Rules and Regulations of RA 7160, or the Local Government Code. Thus, to be considered an exporter under the said Code, it is necessary that the business entity is engaged, either in the exportation of its goods and merchandise; or in the manufacture or production of goods or products that are both sold domestically and abroad. Indubitably, petitioner is a manufacturer and a seller of packaging materials such as corrugated fiber board containers, cartons and boxes, which are sold to different clients both for local consumption and export. In other words, petitioner does not export its packaging materials but sells them instead to export-oriented enterprises, which in turn utilize the same to package their products for export. Notably, the Implementing Rules and Regulations of Executive Order No. 226 (Omnibus Investments Code) considers packaging materials constituting supplies as forming part of the export product. Based on Article 39(k), packaging materials form part of the export products. In spite of this provision however, it does not necessarily make petitioner an exporter as contemplated under the Local Government Code. The provision merely confirms that the packaging materials used by export oriented enterprises form part of the export product for purposes of granting incentives to Board of Investment (BOI)registered enterprises. Furthermore, the tax credit mentioned therein pertains to National Internal Revenue taxes and Customs duties. There is no mention of local taxes thereby making said provision not applicable in the case. The business tax is imposed upon petitioner for its privilege of engaging in business in the City of Davao, specifically, its business of manufacturing corrugated fiber

containers, cartons and boxes. This imposition of business tax is provided for under Section 143 of the Local Government Code of 1991. The said Code does not make the manufacturer who sells its manufactured product to an exporter who utilizes the same to produce its export product, an exporter, petitioner cannot be considered as an exporter, but rather, by its own admission, as a manufacturer of any article of commerce of whatever kind and nature. A company that does not export it products, but sells it to local companies, which in turn utilize said products, as inputs in the manufacture of other products that are exported abroad, is locally taxable as manufacturer under Section 143(a), and not under Section 143(c) of RA No. 7160.7 Additionally, petitioners sales of manufactured corrugated containers, cartons, and boxes cannot fall under the term export sales because Section 143(c) of RA No. 7160 only applies to sales of essential commodities, limited to those enumerated in said Subsection.
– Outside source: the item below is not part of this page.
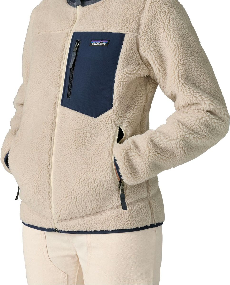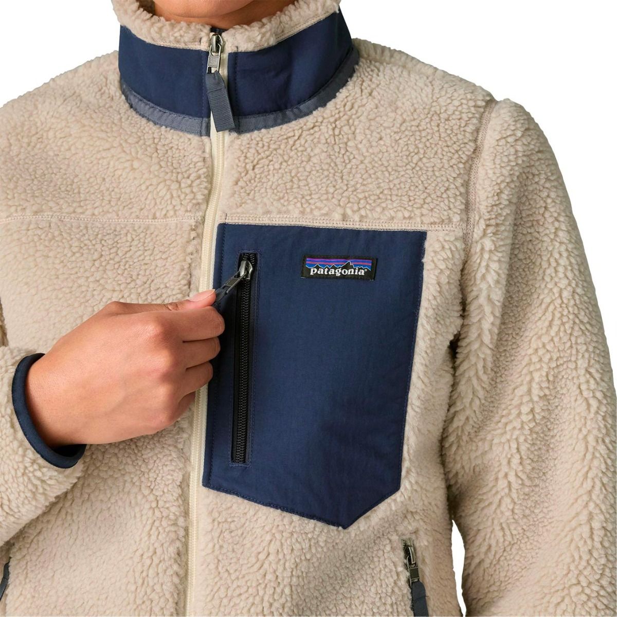 Pol Patagonia Retro-X Dark Natural w/Night Plum femme, polaire chaude coupe-vent en sherpa laminée, respirante grâce à sa doublure mesh, fermeture intégrale et poches zippées.

As the manufactured corrugated boxes of petitioner are neither considered exports nor one of the essential commodities enumerated in Section 143(c) of RA No. 7160, petitioners sales during taxable year 2004 are all considered local sales subject to the tax rate provided under Section 143(a) of the sam Code. Hence, petitioner is taxable as a manufacturer under Section 143(a), and not under Section 143(c), of RA No. 7160. Petitioner was denied its claim for refund or issuance of tax credit certificate.

Letter of the Minister of Finance to Revenue Officer Marzan of Makati dated February 22, 1986 as quoted in the Decision of the lower court, Annex A, Appeal, Docket, pp. 16-20.